> Data for analysis
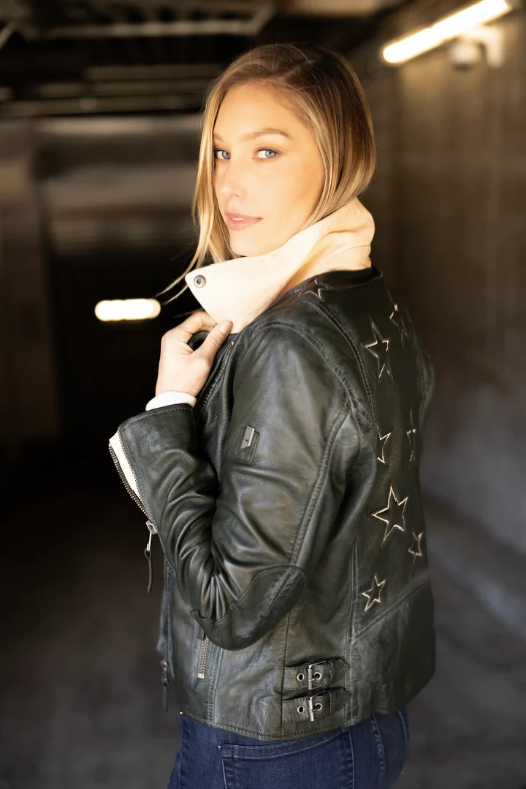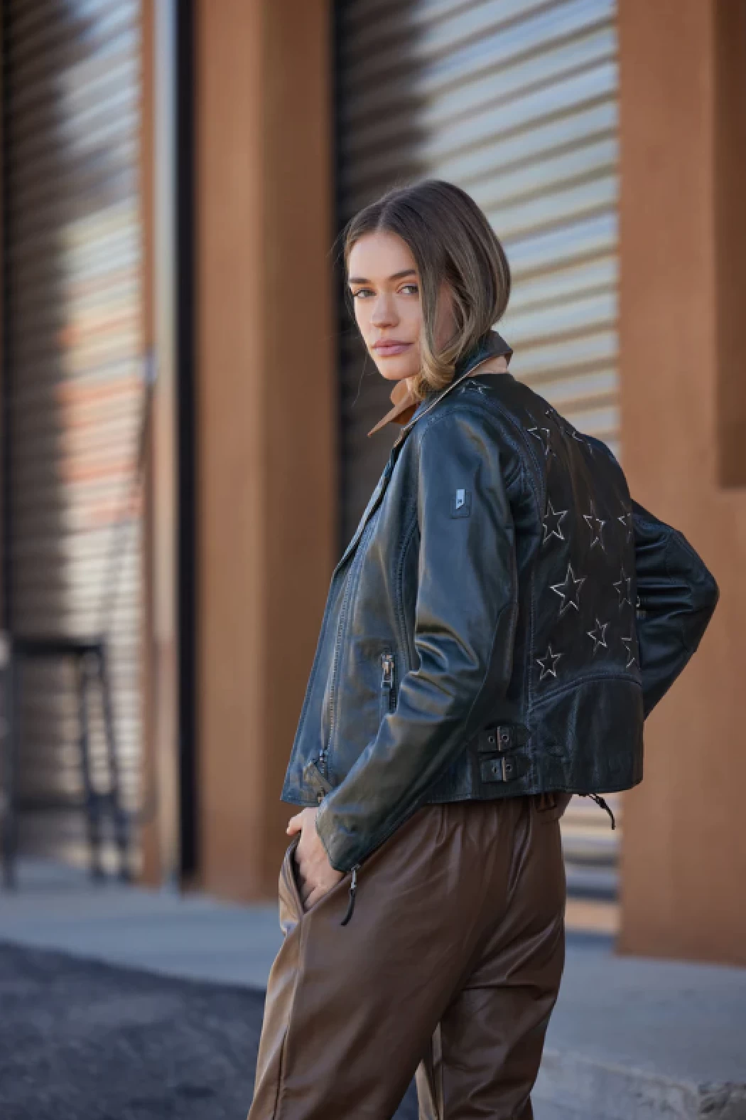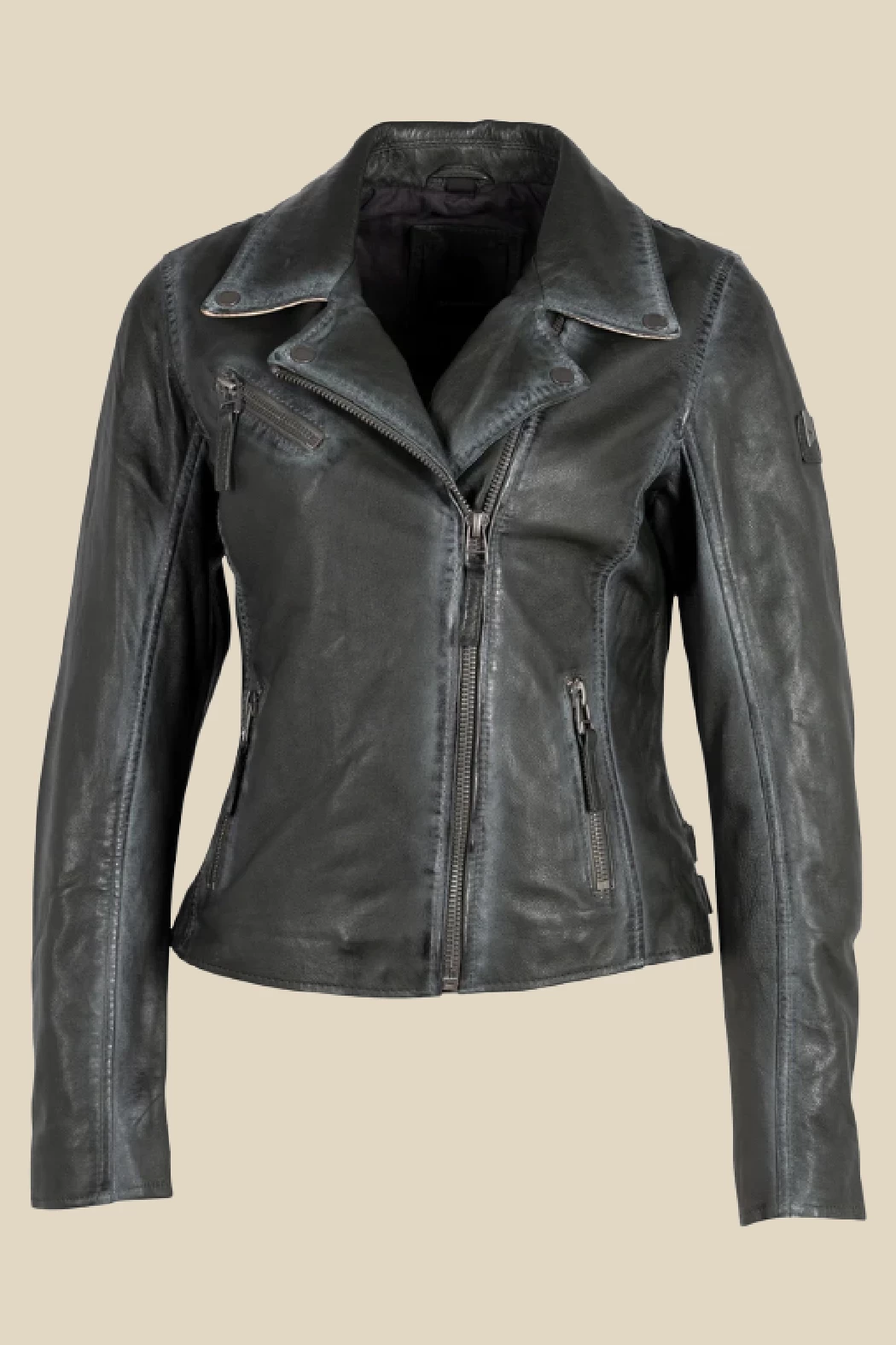 Ahhh… the famous star jacket – highlighted in many cameos on tv and movies, this style announces she has arrived. Made of 100% vegetable tanned and ethically produced lambskin leather, this jacket will catch the eye of many admirers. The seams are gently polished to ensure a distressed effect, the inside of the pockets, inside of the cuff zips and under the collar give a fabulous contrast pop of colour!
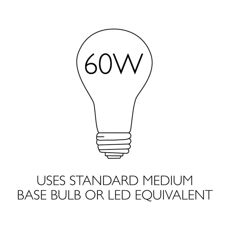 Uses (2) 60 Watt Medium base bulbs or LED equivalent per fixture (not included); Hardwired power source
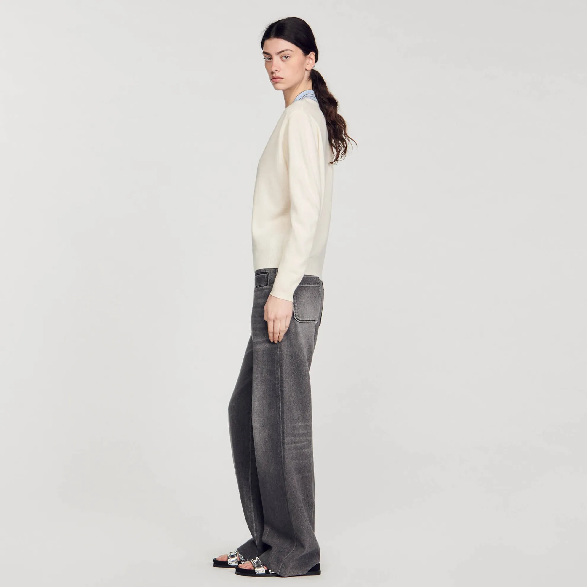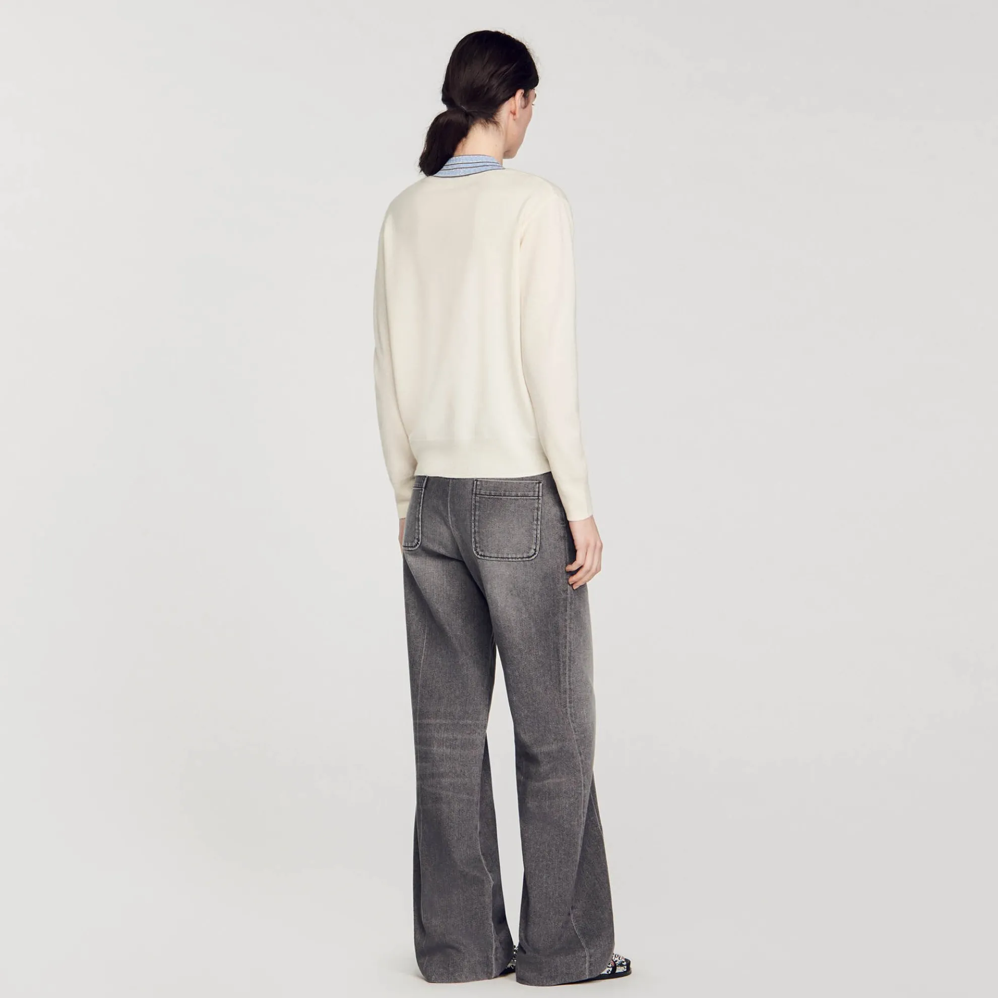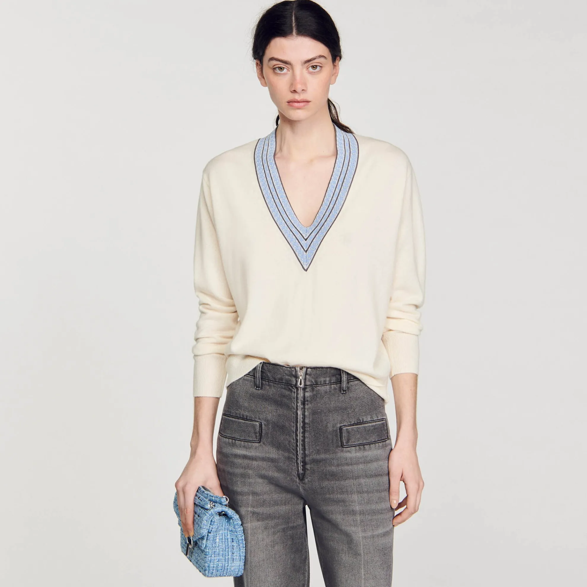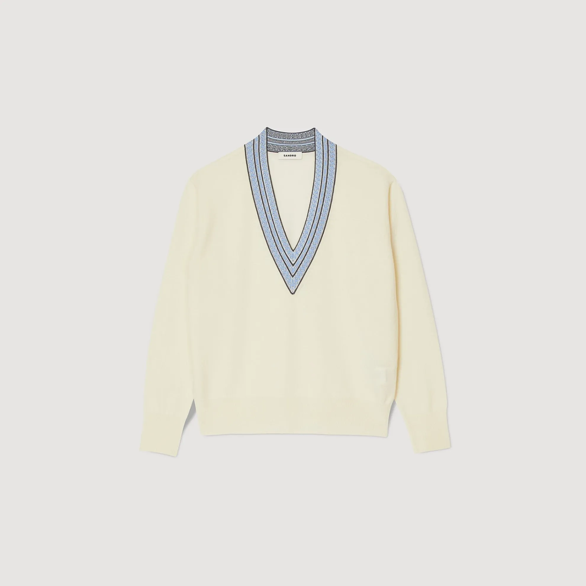 Soepelvallende trui van wol en kasjmier met lange mouwen en een V-hals met ribboorden met jacquard patroon op de halslijn.
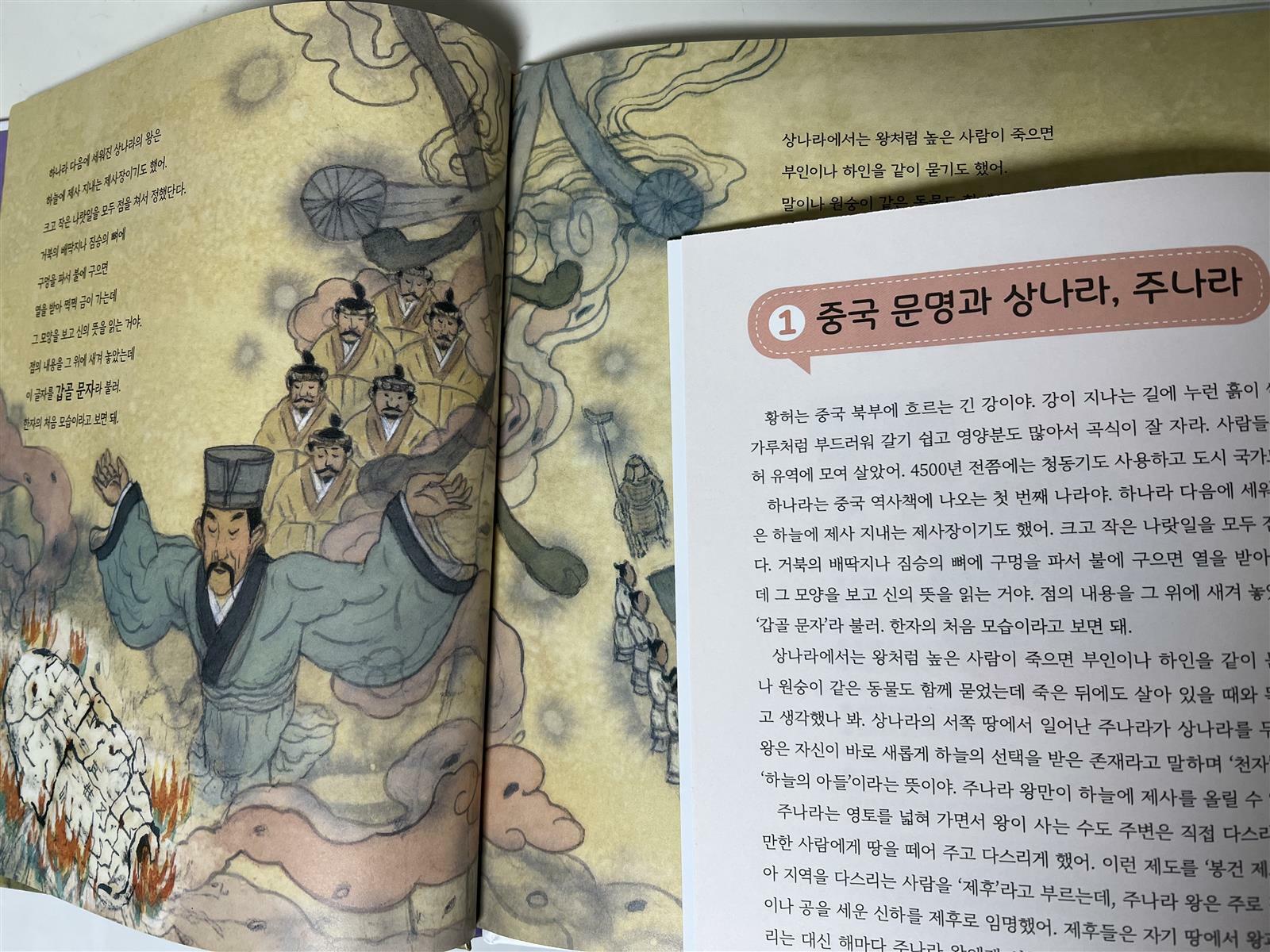 알록달록 첫 세계사 3권 책을 읽어 보았습니다. 이번에는 '하나의 중국을 만든 진 한 제국'이라는 제목입니다. 이전에 1,2권도 읽어보고 후기를 작성했었는데 이번에 좋은 기회로 3권도 만나 볼 수 있었습니다. 3권은 좀 더 깊이 있고 자세한 역사에 대해서 나옵니다. 중국역사에 대해서 이 책을 통해 살펴 볼 수 있습니다. 책 첫 부분에서는 중국의 신화로 시작합니다. 예전에 아이와 중국신화 만화를 본 적이 있어서 그런지 반고가 나오니 무척 반갑더라구요. 세계사의 시작은 신화를 먼저 보시면 도움이 되실 것 같다는 생각이 듭니다. 책을 자세히 살펴보겠습니다. 예전 1,2권과 마찮가지로 워크북이 같이 있습니다. 이 워크북은 책의 내용을 정리할 수 있는 중요한 부분이라고 생각합니다. 아무래도 세계사라는 것이 역사이기에 나라이름이나 지명이 많이 나옵니다. 이러한 것들이 사실 많이 헷갈리기도 하더라구요. 특히 아이들의 경우는 머릿속에 떠도는 이야기를 정리할 필요가 있습니다. 아무래도 역사 전체를 보는 통사가 가장 중요하고 그다음에는 세부적인 사항들도 참 중요한 것 같습니다. 책을 읽으면서 저도 세계사에 대해 깊이 알지 않기 때문에 아이와 함께 배워 나갈 수 있었습니다. 조금 익숙하지 않은 지명과 나라이름이 나오지만 여러번 읽어가면서 그림을 그려나가면 좋을 것 같습니다. 무엇보다 그림책이라서 그림이 글을 이해하는데 참 많은 도움이 됩니다. 그림도 함께 보면서 이해해 나간다면 세계사도 즐겁게 익힐 수 있겠다는 생각이 듭니다. 앞으로 알록달록 첫 세계사 책이 계속 나올텐데 많은 기대가 됩니다. 한 권 한 권이 참 중요한 책인 것 같습니다. 시리즈가 완결되면 꼭 소장해서 아이와 두고 두고 보면서 이야기 나눠보고 싶네요. 출판사로부터 도서를 제공받아 직접 읽고 작성한 리뷰입니다. #알록달록첫세계사 #하나의중국을만든진한제국 #상상정원 #책세상 #맘수다 #책세상맘수다카페
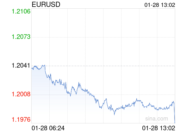 新浪外汇消息2026年01月28日,截至13时02分,外汇市场上欧元兑美元汇率跌破1欧元兑换1.1975美元。跌幅为-0.5481%
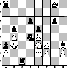 game notation in PGN-format [Event "unter uns Nr. 26"] [Site "www.myChess.de"] [Date "2015.02.14"] [Round "1"] [White "borsti"] [Black "Haneken"] [ECO "C24"] [WhitemyELO "1388"] [BlackmyELO "1009"] [Result "0-1"] [TimeControl "10/864000"] [WhiteDays "40"] [BlackDays "37"] [MyChessNo "98137"] 1. e4 e5 2. Bc4 Nf6 3. d3 Bb4+ 4. Bd2 Bxd2+ 5. Qxd2 Nc6 6. Nc3 Nd4 7. Nf3 Nxf3+ 8. gxf3 O-O 9. Qg5 g6 10. O-O-O Nh5 11. Qh6 d6 12. Rdg1 Qh4 13. Nd1 c6 14. Rg2 Bh3 15. Rxg6+ hxg6 16. Qxg6+ Ng7 17. Rg1 Qh7 18. Ne3 Qxg6 19. Rxg6 b5 20. Bb3 a5 21. c4 fxg6 22. Bd1 a4 23. cxb5 cxb5 24. Nd5 Rac8+ 25. Kd2 Ra8 26. Kc3 a3 27. b4 Rac8+ 28. Kb3 Rc1 29. Be2 Bg2 30. Ne3 Bh3 31. Ng4 Ra8 32. Ne3 Ne6 33. d4 Nxd4# 0-1 position notation in FEN-format r5k1/8/3p2p1/1p2p3/1P1nP3/pK2NP1b/P3BP1P/2r5 - - - 0 34 Captured white pieces: ![]() ![]() ![]() ![]() ![]() ![]() ![]() ![]() ![]() ![]() ![]() ![]() ![]() ![]() ![]() Captured black pieces: ![]() ![]() ![]() ![]() ![]() ![]() ![]() ![]() ![]() ![]() ![]() ![]() ![]() ![]() ![]() Click on a captured piece in order to display the desired move!

> Assignment
Once the pictures are removed, copy the material above exactly.

> Response
 Ahhh… the famous star jacket – highlighted in many cameos on tv and movies, this style announces she has arrived. Made of 100% vegetable tanned and ethically produced lambskin leather, this jacket will catch the eye of many admirers. The seams are gently polished to ensure a distressed effect, the inside of the pockets, inside of the cuff zips and under the collar give a fabulous contrast pop of colour!
 Uses (2) 60 Watt Medium base bulbs or LED equivalent per fixture (not included); Hardwired power source
 Soepelvallende trui van wol en kasjmier met lange mouwen en een V-hals met ribboorden met jacquard patroon op de halslijn.
 알록달록 첫 세계사 3권 책을 읽어 보았습니다. 이번에는 '하나의 중국을 만든 진 한 제국'이라는 제목입니다. 이전에 1,2권도 읽어보고 후기를 작성했었는데 이번에 좋은 기회로 3권도 만나 볼 수 있었습니다. 3권은 좀 더 깊이 있고 자세한 역사에 대해서 나옵니다. 중국역사에 대해서 이 책을 통해 살펴 볼 수 있습니다. 책 첫 부분에서는 중국의 신화로 시작합니다. 예전에 아이와 중국신화 만화를 본 적이 있어서 그런지 반고가 나오니 무척 반갑더라구요. 세계사의 시작은 신화를 먼저 보시면 도움이 되실 것 같다는 생각이 듭니다. 책을 자세히 살펴보겠습니다. 예전 1,2권과 마찮가지로 워크북이 같이 있습니다. 이 워크북은 책의 내용을 정리할 수 있는 중요한 부분이라고 생각합니다. 아무래도 세계사라는 것이 역사이기에 나라이름이나 지명이 많이 나옵니다. 이러한 것들이 사실 많이 헷갈리기도 하더라구요. 특히 아이들의 경우는 머릿속에 떠도는 이야기를 정리할 필요가 있습니다. 아무래도 역사 전체를 보는 통사가 가장 중요하고 그다음에는 세부적인 사항들도 참 중요한 것 같습니다. 책을 읽으면서 저도 세계사에 대해 깊이 알지 않기 때문에 아이와 함께 배워 나갈 수 있었습니다. 조금 익숙하지 않은 지명과 나라이름이 나오지만 여러번 읽어가면서 그림을 그려나가면 좋을 것 같습니다. 무엇보다 그림책이라서 그림이 글을 이해하는데 참 많은 도움이 됩니다. 그림도 함께 보면서 이해해 나간다면 세계사도 즐겁게 익힐 수 있겠다는 생각이 듭니다. 앞으로 알록달록 첫 세계사 책이 계속 나올텐데 많은 기대가 됩니다. 한 권 한 권이 참 중요한 책인 것 같습니다. 시리즈가 완결되면 꼭 소장해서 아이와 두고 두고 보면서 이야기 나눠보고 싶네요. 출판사로부터 도서를 제공받아 직접 읽고 작성한 리뷰입니다. #알록달록첫세계사 #하나의중국을만든진한제국 #상상정원 #책세상 #맘수다 #책세상맘수다카페
 新浪外汇消息2026年01月28日,截至13时02分,外汇市场上欧元兑美元汇率跌破1欧元兑换1.1975美元。跌幅为-0.5481%
 game notation in PGN-format [Event "unter uns Nr. 26"] [Site "www.myChess.de"] [Date "2015.02.14"] [Round "1"] [White "borsti"] [Black "Haneken"] [ECO "C24"] [WhitemyELO "1388"] [BlackmyELO "1009"] [Result "0-1"] [TimeControl "10/864000"] [WhiteDays "40"] [BlackDays "37"] [MyChessNo "98137"] 1. e4 e5 2. Bc4 Nf6 3. d3 Bb4+ 4. Bd2 Bxd2+ 5. Qxd2 Nc6 6. Nc3 Nd4 7. Nf3 Nxf3+ 8. gxf3 O-O 9. Qg5 g6 10. O-O-O Nh5 11. Qh6 d6 12. Rdg1 Qh4 13. Nd1 c6 14. Rg2 Bh3 15. Rxg6+ hxg6 16. Qxg6+ Ng7 17. Rg1 Qh7 18. Ne3 Qxg6 19. Rxg6 b5 20. Bb3 a5 21. c4 fxg6 22. Bd1 a4 23. cxb5 cxb5 24. Nd5 Rac8+ 25. Kd2 Ra8 26. Kc3 a3 27. b4 Rac8+ 28. Kb3 Rc1 29. Be2 Bg2 30. Ne3 Bh3 31. Ng4 Ra8 32. Ne3 Ne6 33. d4 Nxd4# 0-1 position notation in FEN-format r5k1/8/3p2p1/1p2p3/1P1nP3/pK2NP1b/P3BP1P/2r5 - - - 0 34 Captured white pieces: ![]() ![]() ![]() ![]() ![]() ![]() ![]() ![]() ![]() ![]() ![]() ![]() ![]() ![]() ![]() Captured black pieces: ![]() ![]() ![]() ![]() ![]() ![]() ![]() ![]() ![]() ![]() ![]() ![]() ![]() ![]() ![]() Click on a captured piece in order to display the desired move!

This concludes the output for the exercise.